MR CORBELL (continuing):

The Government says, "No, we are not going to give you that information once the land is remediated". By supporting these amendments, members will be saying, "Yes, you still have a right to know what occurred on that land". That is what the amendments are about. It is a very important right.

MR SMYTH (Minister for Urban Services) (5.35): Mr Speaker, these are perhaps the central amendments in the debate this afternoon. We believe the Government's model is better. The reason is that you have to say the land is either remediated or not. The ACT Government went to great expense and did exceptional work in remediating this land. Either it is or it is not remediated, and it is either certified or not certified by an independent qualified environmental auditor. There should be no further adverse consequences to the landholder.

It is either remediated or not. If it is not, then we should leave everything for all time on every register everywhere. There must be a point at which you can say that this land is remediated. Ms Tucker raises the word "stigma". In fact, it does leave a stigma over this land, and for individuals who have made a personal investment in the land it may also lead to a decrease in its value. With the model that we put forward we can protect this land and the records as well without leaving the land on the register. The EMA will still have the records and they will still be subject to FOI.

Ms Tucker argues that we may discover something in the future. How do we qualify this? How do we limit this? Do we limit it? Ms Tucker says that what I am saying is inconsistent with the precautionary principle. The precautionary principle is: Do no harm when you do not know. What we do know is that we have remediated this land. The ACT taxpayer has spent a lot of time, money and effort remediating this land. Those who own the land were put to great inconvenience and difficulty, and some have chosen to stay and others have chosen to sell up and go. But you must reach a point where there is some finality on this.

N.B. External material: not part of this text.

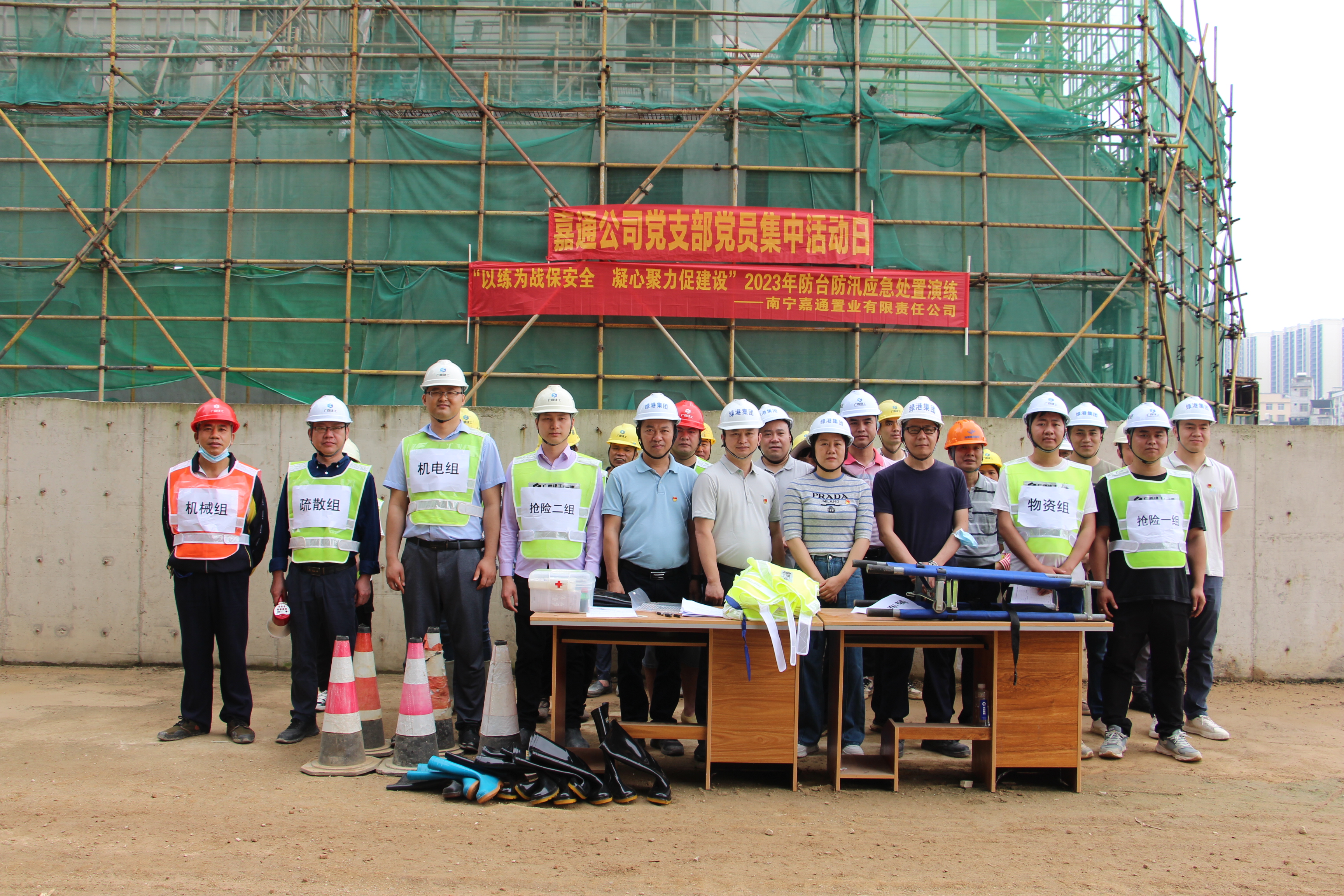 為進(jìn)一步提升項(xiàng)目管理人員應(yīng)對(duì)汛情的應(yīng)急處置能力,提高員工防臺(tái)防汛的安全意識(shí),保障項(xiàng)目現(xiàn)場(chǎng)的設(shè)備和人身財(cái)產(chǎn)安全,4月19日,嘉通公司聯(lián)合施工單位廣西建工第一建筑工程集團(tuán)有限公司在綠港·尚尊一品項(xiàng)目現(xiàn)場(chǎng)開(kāi)展“以練為戰(zhàn)保安全 凝心聚力促建設(shè)”2023年防臺(tái)防汛應(yīng)急處置演練,全面筑牢安全生產(chǎn)防線(xiàn)。綠港集團(tuán)安全監(jiān)督部、項(xiàng)目負(fù)責(zé)人、業(yè)主代表及一線(xiàn)施工人員約30人參加本次活動(dòng)。集團(tuán)黨委委員、副總經(jīng)理黃麗琴到現(xiàn)場(chǎng)觀(guān)摩指導(dǎo)并作防臺(tái)防汛工作部署。嘉通公司黨支部書(shū)記、總經(jīng)理何小勇在演練前致辭。

The EMA will still hold the records. Should future processes evolve that say that the land was not properly cleared of the arsenic, I would be very surprised, but I am willing to accept that advances in science may prove that. At this stage it leaves for the owners of that land the signal that it has not been remediated; that for some odd reason there is still something wrong with that land. We believe our model is better. We will still have the records, and I believe that the approach we are taking is better.

I do not believe that this makes us a laughing stock at all. It is odd that when the Government says, "We would not mind being consistent with New South Wales", everybody says, "We do not have to be consistent with New South Wales". Now we are having arguments that we must be consistent with New South Wales. It is something that I will hold dearly to and use in the future. The reality is that the land has either been remediated or not. We believe that it has and therefore it is reasonable to remove it from the register.